В этом ответе Тимосфена как в капле воды отразились все те типичные для всадников взгляды, которые Аристон уже не пытался оспаривать. Аристократы вроде Тимосфена преумножали свои состояния, владея землей, мастерскими, рудниками, кораблями, рабами, и никогда не опускались до столь недостойного и неблагородного занятия, как работа. Даже управление их собственностью передоверялось ими другим. Точно так же как стратег Никий сколотил себе целое состояние, одалживая тысячу своих рабов владельцам се– ребряных рудников и при этом ни разу в жизни не побывав ни на одном из них, так и благородный Тимосфен жил в довольстве и роскоши на те деньги, что он получал от других за пользование его собственностью, ни в малейшей степени не утруждая себя размышлениями о том, как, каким образом и за счет чего работают его мастерские. В сущности, для него все его богатство заключалось в длинных рядах цифр на листе пергамента, время от времени присылаемых мастерами и управляющими ему на дом, ибо за все два года знакомства со своим приемным отцом Аристон ни разу не видел, чтобы Тимосфен лично посетил сами мастерские.

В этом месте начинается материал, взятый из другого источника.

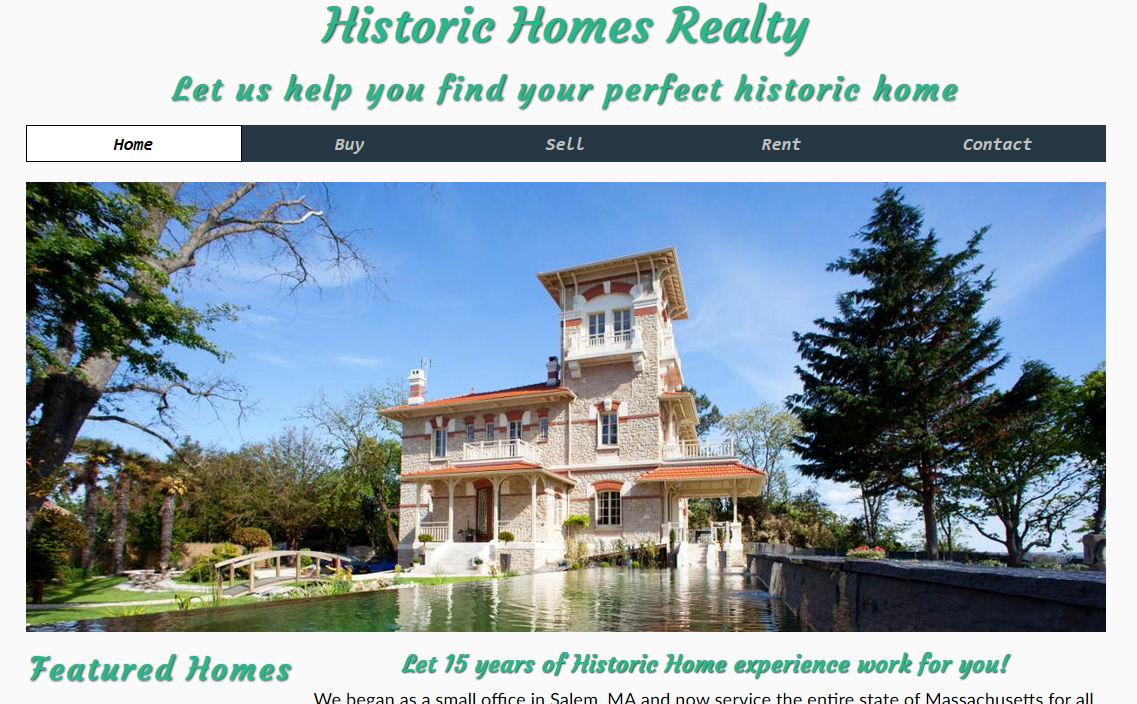 For our midterm project, he wanted us to design our own realty website using the tools and techniques that we used throughout the semester. I focused on a historic homes website since I am most familiar with older-style homes, and it could have been the most unique compared to other projects. The page required an index, buy, sell, and rent page, with a contact page as extra credit.

Ибо проявить слишком явный к ним интерес значило унизить свое достоинство всадника. Это пахло торгашеством, меркантильностью, жадностью – словом, дало бы повод его высокорожденным друзьям презирать его.

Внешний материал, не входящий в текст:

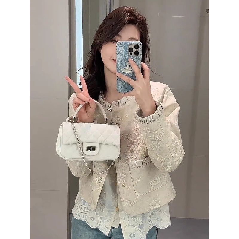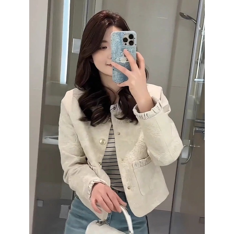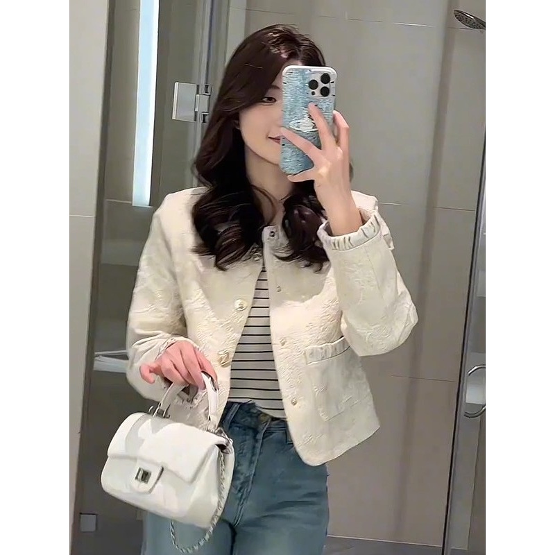 重工设计感短款 时尚 外套气质刺绣提花轻奢圆领显瘦外套女 新款 春季

«Но я-то, по крайней мере, не всадник, – мрачно подумал Аристон. – И поскольку я метек, никто не сможет смотреть на меня свысока из-за того, что я занимаюсь ремеслом или торговлей. Это единственная дорога, открытая для нас. Так что в моих интересах разузнать, как у Орхомена это получается».
Но у него ничего не вышло. Другие управляющие при одном упоминании имени спартанца как будто проглатывали языки вместе с бородами, и в их глазах появлялась враждебность. Что же касается самого Орхомена, то он легко и непринужденно уклонялся от всех вопросов, как бы дразня его. И каждый раз, когда Аристон направлялся в мастерские, его встречали на полпути, отвлекали всякими разговорами, задерживали. И тем не менее, когда он входил в мастерскую, он не мог обнаружить ничего подозрительного. Кроме, пожалуй, атмосферы. Чего-то угрожающего, мрачного, тяжелого, что буквально висело в воздухе. Но он не мог понять, что именно создавало у него подобное впечатление. Не мог, и все тут.
За два месяца Аристон многое узнал, но, что любопытно, большая часть всего этого ему не понравилась. Отличаясь живым и острым умом, он на каждом шагу задавался вопросами, причинявшими головную боль его собеседникам. Почему мастерские должны быть такими маленькими? Почему на рабочих скамьях всегда так тесно? Не лучше ли иметь одну-две большие плавильные печи, чем множество маленьких? Почему мастерские такие темные и так плохо проветриваются? Нельзя ли соорудить какую-то вентиляционную систему, чтобы не приходилось менять весь персонал каждые четыре года из-за смерти рабочих от легочных заболеваний?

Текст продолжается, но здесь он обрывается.